§ Aim of the task:
Write out exactly, and only, the lines below from the line with "杭州城中藝星醫(yī)療美容醫(yī)院有限公司富陽醫(yī)療美容門診部" through the line with "CM-Kid Little Girls"; pictures do not belong in the copy.

§ Data to examine:
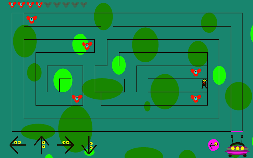 AlienMaze is a fun game for children featuring silly alien creatures who travel through mazes as they hunt for food with the goal of reaching their spaceship at the end. This game consists of three levels. Level 1 is easy, Level 2 is medium, and Level 3 is hard. Each level is divided into six sublevels.
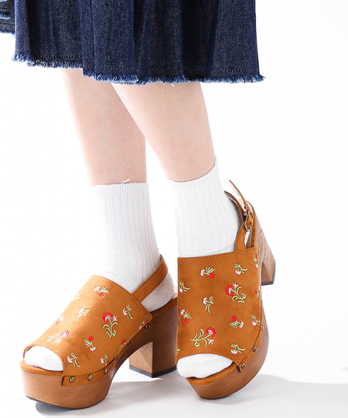 アッパー部分に花柄刺繍を施したサンダル。重厚感のあるウッドソールが着こなしのアクセントになります。つま先から足元までしっかりとホールドしてくれ、歩きやすいのが特長。インソールにはクッションが入っているので履き心地も快適です。定番の合わせやすさはそのままにデザインで違いを持たせたひと品。今季トレンドのデニムと合わせたカジュアルなコーディネートや、スカートやワンピースと合わせたフェミニンなコーディネートなど、幅広いアイテムと相性抜群です。素足で履いて頂くのは勿論、今季はソックスを合わせた着こなしもオススメです。M=23.5㎝相当L=24.5㎝相当※履き方・足型等、個人差がございますので、あくまでも参考程度にお考え下さいませ。 ■厚底靴に関しての注意事項■※ファッション性を重視した商品の為、履きなれない状態での長時間の着用はお控え下さい。※歩くために必要な強度を保持している商品ではありますが、走る・跳ねる等の行為をとられた場合、瞬間的に想定以上の負荷がかかり商品が破損する恐れがありますのでご注意ください。※足を捻る・挫くなどして転倒しかけた際、場合によっては骨折等の大きな怪我を回避する為にバンドの引き抜けや底材の剥離が発生する事がございます。※段差や傾斜を歩行される際はご注意下さい。※足首を痛める恐れがある為、厚底靴やヒールの高い靴を着用しての自転車のご利用はお控え下さい。※厚底靴を着用した状態でのお車の運転は各都道府県の条例により禁止されています。お車を運転される場合は厚底靴の着用はおやめ下さい。
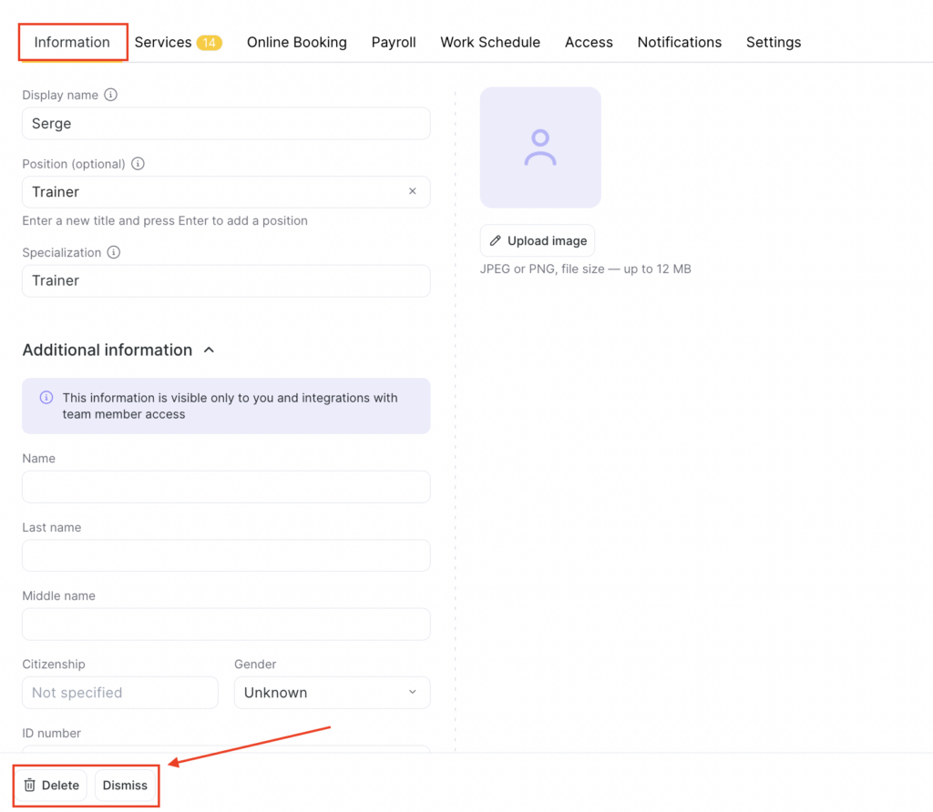- On the Information tab select the Dismissed status and set the dismissal date if you want to remove the team member from the list while keeping all their statistics.
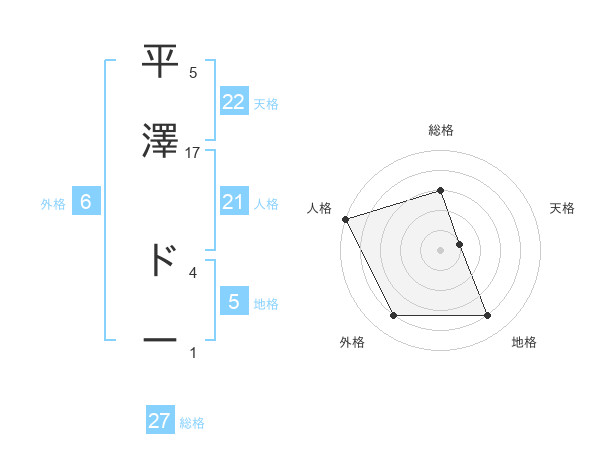平澤 ドーさんを姓名の画数から五運を鑑定
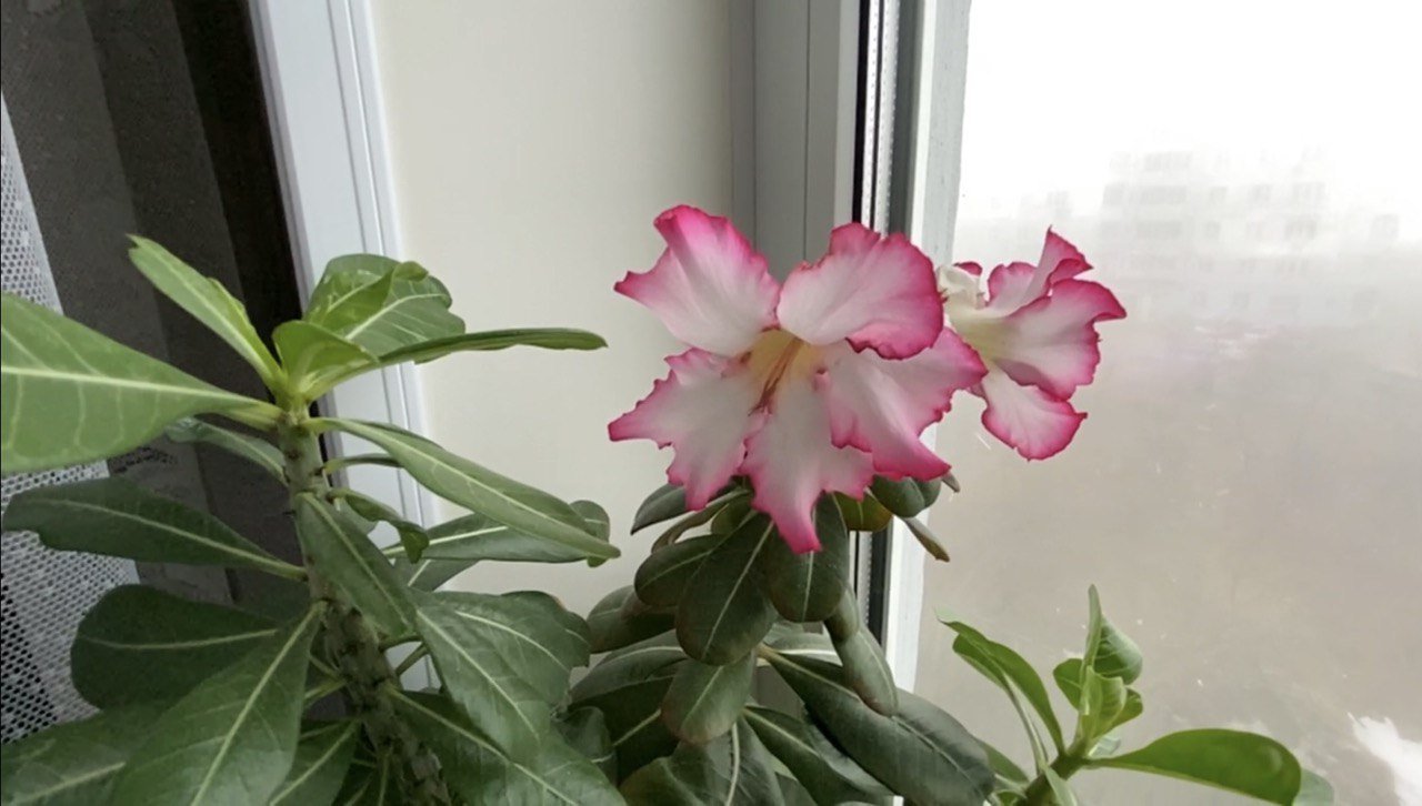 Адениум, белый бутон! Сюрпризы адениумов. Слоновая нога, она же нолина, она же бокарнея. Прогулка в тумане. Старая лестница. 29 марта 2023 г.
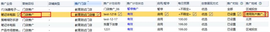 - 计划层级-编辑门店计划:可在列表区和编辑区查看、编辑推广地域、推广门店;列表区营销目标一列可查看、筛选“门店计列表区
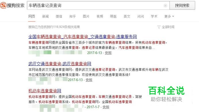 打开搜狗搜索,输入车辆违章记录查询关键字,点击搜索,查看结果。
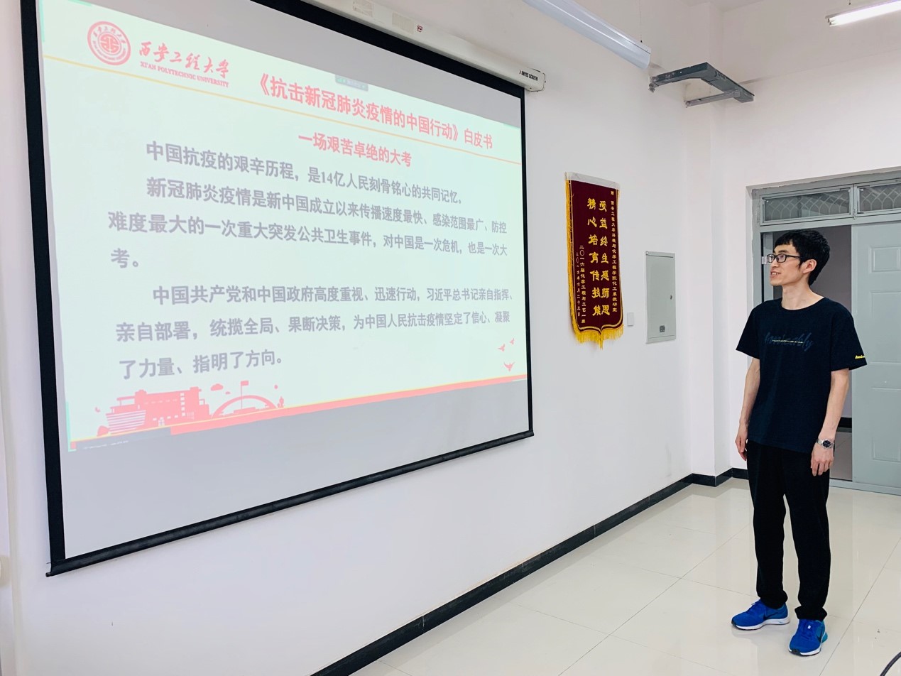《抗击新冠肺炎疫情的中国行动》白皮书梳理和回顾了我国抗击疫情的伟大历程,通篇用事实和数据说话,体现人民至上、生命至上的情怀,展现了国家抗疫全景,真实再现一幕幕感人的抗疫故事,再一次强调了构建人类卫生健康共同体理念的迫切性。支部党员通过诵读“一场艰苦卓绝的大考”、“防控与救治两个战场协同作战”、“14亿中国人民都是抗击疫情的伟大战士”、“共同构建人类卫生健康共同体”等几个重点节段,进一步增强了全体党员对党的坚定信仰、对社会主义国家的忠诚和对英勇的中华儿女的无限热爱。
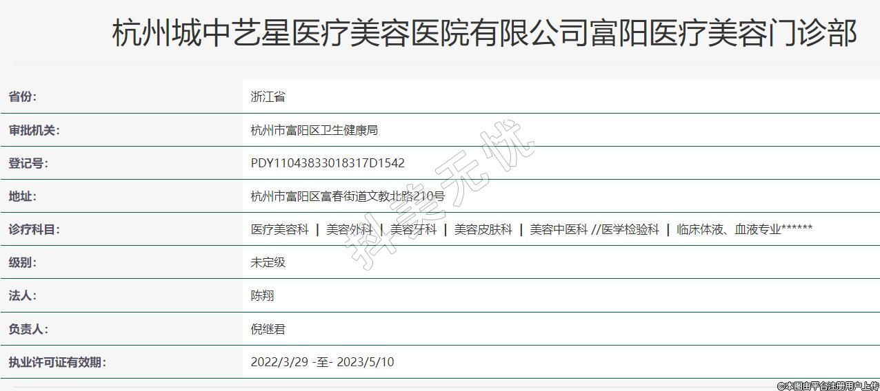 杭州城中藝星醫(yī)療美容醫(yī)院有限公司富陽醫(yī)療美容門診部
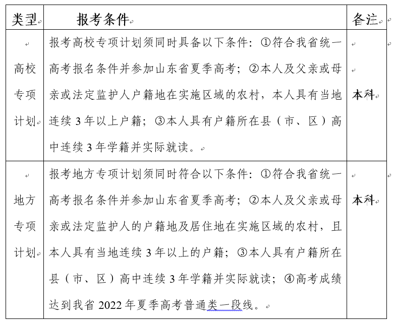 答:地方专项计划招生是我省面向农村和原贫困地区实施的招生类型,均为本科层次,招生高校主要为我省省属重点高校。高考成绩公布后,考生须于6月30日前到所在县(市、区)教育(教体)局资格审核承办部门进行资格审核,具体报名条件要求,请登录山东省教育厅官网查看《关于做好2022年面向农村和脱贫地区学生招生专项计划工作的通知》。获得我省地方专项资格的考生需在普通类常规批填报地方专项计划志愿。
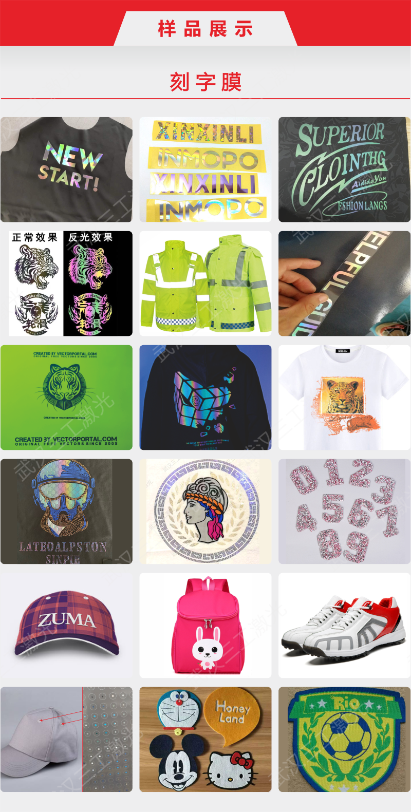 1、服裝輔料加工行業(yè),如PVC刻字膜、TPU刻字膜、PU亞光刻字膜、夜光刻字膜、鐳射軟金屬刻字膜、噴繪打印膜、反光刻字膜、植絨刻字膜、金蔥刻字膜、反光絲印膜、弱溶劑打印膜、裝飾膜、皮標、布標等材料。
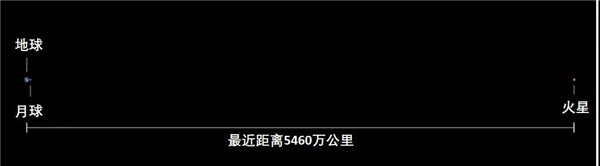 ▲最近時(shí)火星和地球的距離相比于地月距離的比例。來源:果殼
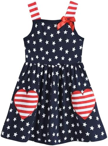 CM-Kid Little Girls Dress Summer Toddler Girl Clothes 4th of July Dress Kids 2-8 Years
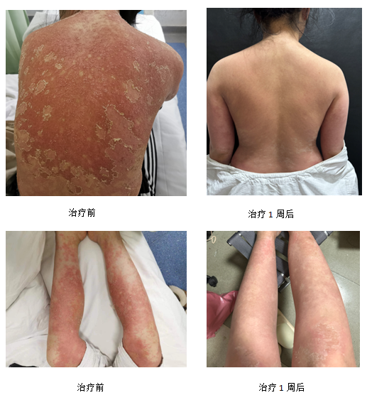 皮肤科就诊。门诊医生惠海英副主任建议患者即刻住院治疗。入院后,田军医生、杨帆医生给予患者紧急处理。入院后患者疾病诊断为泛发性脓疱型银屑病,为预防患者病情进一步加重,杨励副主任果断给予患者佩索利单抗生物制剂。同时,在张蕾副主任及科室护理团队的精心照料下,患者皮损及高热症状消退,1周后顺利出院。

§ Written response:
 杭州城中藝星醫(yī)療美容醫(yī)院有限公司富陽醫(yī)療美容門診部
 答:地方专项计划招生是我省面向农村和原贫困地区实施的招生类型,均为本科层次,招生高校主要为我省省属重点高校。高考成绩公布后,考生须于6月30日前到所在县(市、区)教育(教体)局资格审核承办部门进行资格审核,具体报名条件要求,请登录山东省教育厅官网查看《关于做好2022年面向农村和脱贫地区学生招生专项计划工作的通知》。获得我省地方专项资格的考生需在普通类常规批填报地方专项计划志愿。
 1、服裝輔料加工行業(yè),如PVC刻字膜、TPU刻字膜、PU亞光刻字膜、夜光刻字膜、鐳射軟金屬刻字膜、噴繪打印膜、反光刻字膜、植絨刻字膜、金蔥刻字膜、反光絲印膜、弱溶劑打印膜、裝飾膜、皮標、布標等材料。
 ▲最近時(shí)火星和地球的距離相比于地月距離的比例。來源:果殼
 CM-Kid Little Girls Dress Summer Toddler Girl Clothes 4th of July Dress Kids 2-8 Years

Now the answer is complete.